`graph_from_adjacency_matrix()`

is a flexible function for creating `igraph`

graphs from adjacency matrices.

## Usage

```
graph_from_adjacency_matrix(
adjmatrix,
mode = c("directed", "undirected", "max", "min", "upper", "lower", "plus"),
weighted = NULL,
diag = TRUE,
add.colnames = NULL,
add.rownames = NA
)
from_adjacency(...)
```

## Arguments

- adjmatrix
A square adjacency matrix.
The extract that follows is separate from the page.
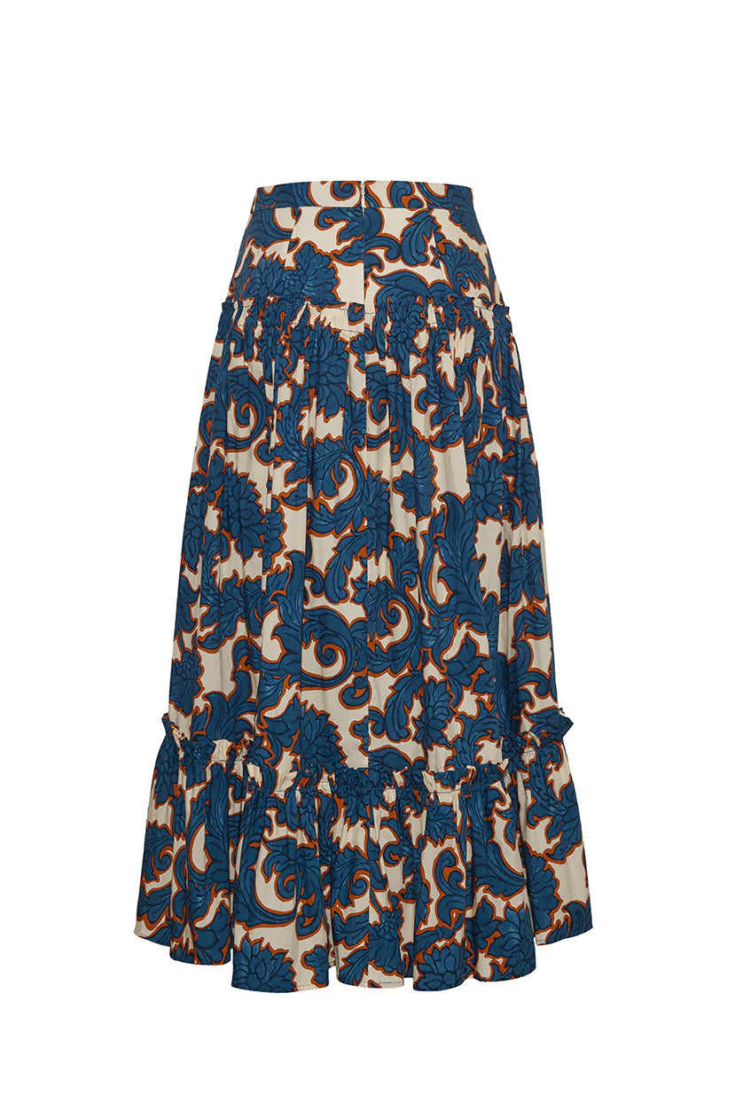 The Tisbury Skirt balances a bohemian spirit with a polished fit. The high-low, tiered ruffle skirt has just enough volume to feel special while being casual enough to knot your favorite t-shirt on top for a playful look.
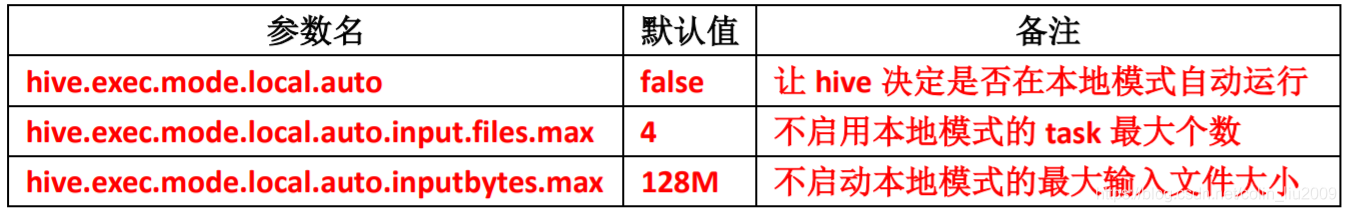 对于大多数情况,Hive可以通过本地模式在单台机器上处理所有任务。对于小数据,执行时间可以明显被缩短。通过set hive.exec.mode.local.auto = true(默认为false)设置为本地模式,本地模式涉及到三个参数:

From igraph version 0.5.1 this can be a sparse matrix created with the

`Matrix`

package.- mode
Character scalar, specifies how igraph should interpret the supplied matrix. See also the

`weighted`

argument, the interpretation depends on that too. Possible values are:`directed`

,`undirected`

,`upper`

,`lower`

,`max`

,`min`

,`plus`

. See details below.- weighted
This argument specifies whether to create a weighted graph from an adjacency matrix. If it is

`NULL`

then an unweighted graph is created and the elements of the adjacency matrix gives the number of edges between the vertices. If it is a character constant then for every non-zero matrix entry an edge is created and the value of the entry is added as an edge attribute named by the`weighted`

argument. If it is`TRUE`

then a weighted graph is created and the name of the edge attribute will be`weight`

. See also details below.- diag
Logical scalar, whether to include the diagonal of the matrix in the calculation. If this is

`FALSE`

then the diagonal is zerod out first.- add.colnames
Character scalar, whether to add the column names as vertex attributes. If it is ‘

`NULL`

’ (the default) then, if present, column names are added as vertex attribute ‘name’. If ‘`NA`

’ then they will not be added. If a character constant, then it gives the name of the vertex attribute to add.- add.rownames
Character scalar, whether to add the row names as vertex attributes. Possible values the same as the previous argument. By default row names are not added. If ‘

`add.rownames`

’ and ‘`add.colnames`

’ specify the same vertex attribute, then the former is ignored.- ...
Passed to

`graph_from_adjacency_matrix()`

.

## Details

The order of the vertices are preserved, i.e. the vertex corresponding to the first row will be vertex 0 in the graph, etc.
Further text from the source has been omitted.